▶ **Assigned task**
Every line of the listing below from the one with "Thick 2.5mm bangle, sterling" up to and including the one with "教室の黒板をきれいにするのは" should be retyped exactly, and nothing else; pictures are not part of the copy.

▶ **Data section**

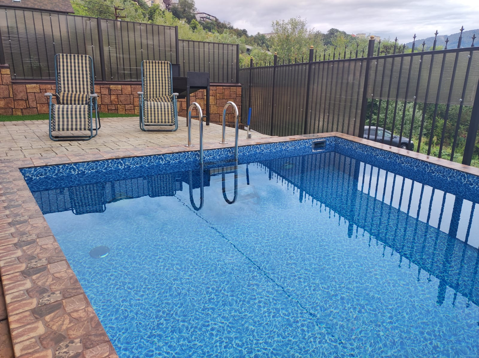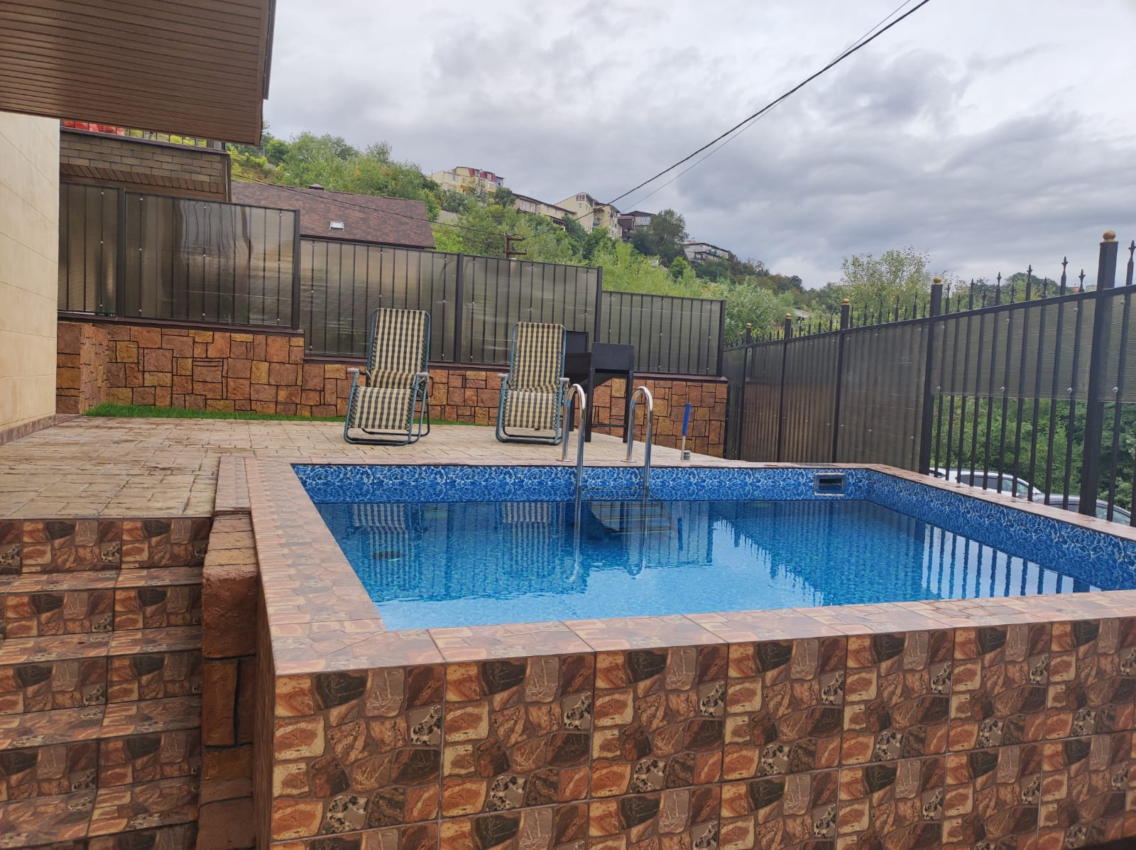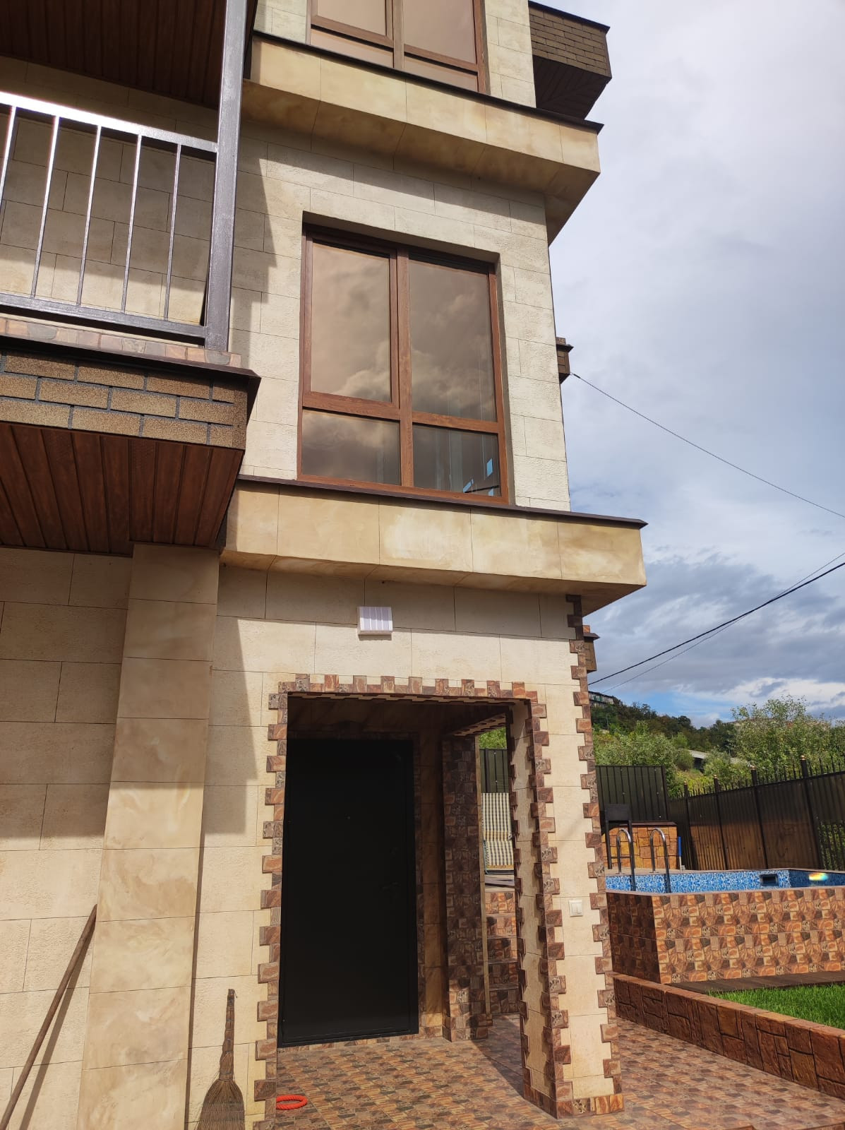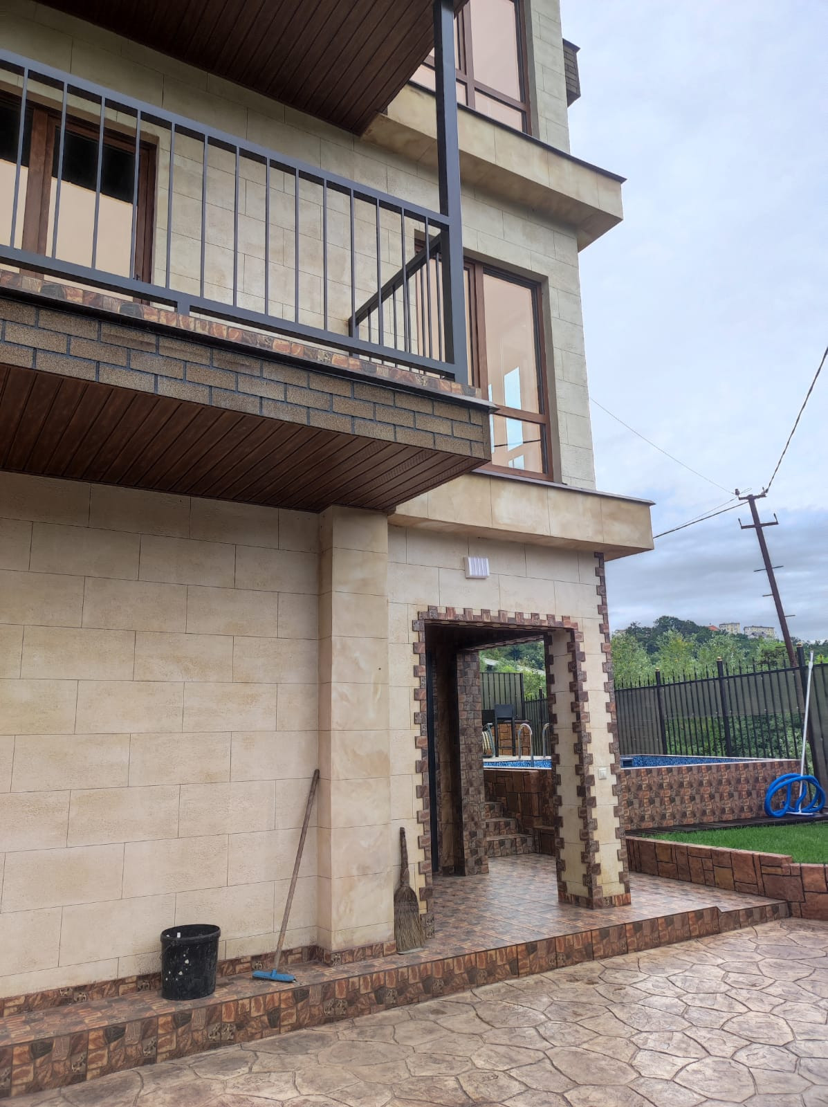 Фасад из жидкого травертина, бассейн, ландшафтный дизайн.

---

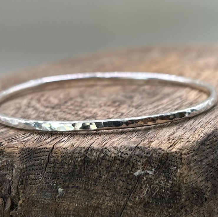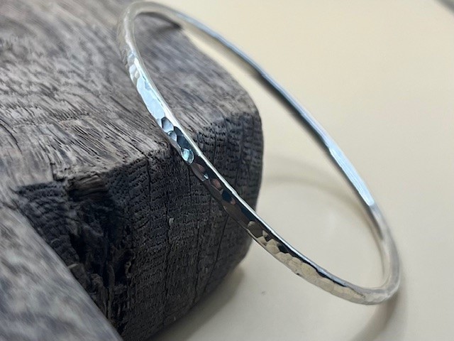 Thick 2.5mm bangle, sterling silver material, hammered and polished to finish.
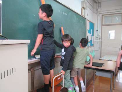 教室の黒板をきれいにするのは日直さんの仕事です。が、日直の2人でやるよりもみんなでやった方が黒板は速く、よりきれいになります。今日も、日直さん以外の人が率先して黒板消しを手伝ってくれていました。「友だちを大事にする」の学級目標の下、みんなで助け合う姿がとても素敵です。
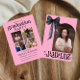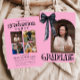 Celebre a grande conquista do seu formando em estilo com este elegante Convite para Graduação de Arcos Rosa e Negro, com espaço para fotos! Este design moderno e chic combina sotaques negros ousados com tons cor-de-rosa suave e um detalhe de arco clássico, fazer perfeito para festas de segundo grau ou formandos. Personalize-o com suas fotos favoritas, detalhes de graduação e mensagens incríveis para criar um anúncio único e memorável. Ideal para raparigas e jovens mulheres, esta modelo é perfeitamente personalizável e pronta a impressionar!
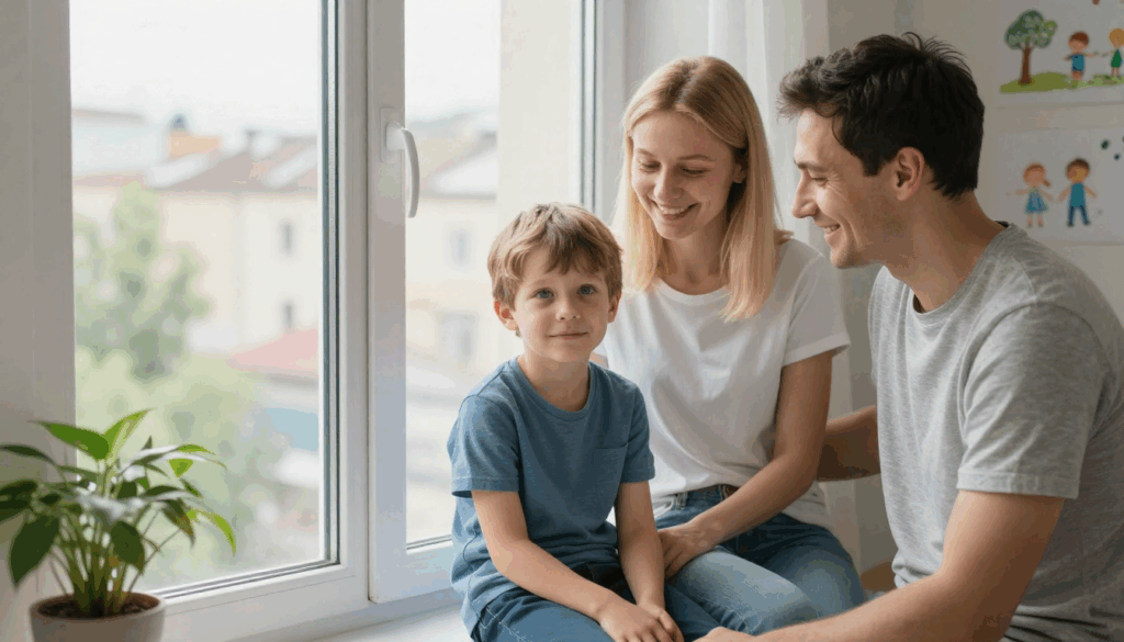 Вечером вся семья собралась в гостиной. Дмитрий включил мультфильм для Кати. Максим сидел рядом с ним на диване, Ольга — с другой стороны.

▶ **Exercise result**
 Thick 2.5mm bangle, sterling silver material, hammered and polished to finish.
 教室の黒板をきれいにするのは日直さんの仕事です。が、日直の2人でやるよりもみんなでやった方が黒板は速く、よりきれいになります。今日も、日直さん以外の人が率先して黒板消しを手伝ってくれていました。「友だちを大事にする」の学級目標の下、みんなで助け合う姿がとても素敵です。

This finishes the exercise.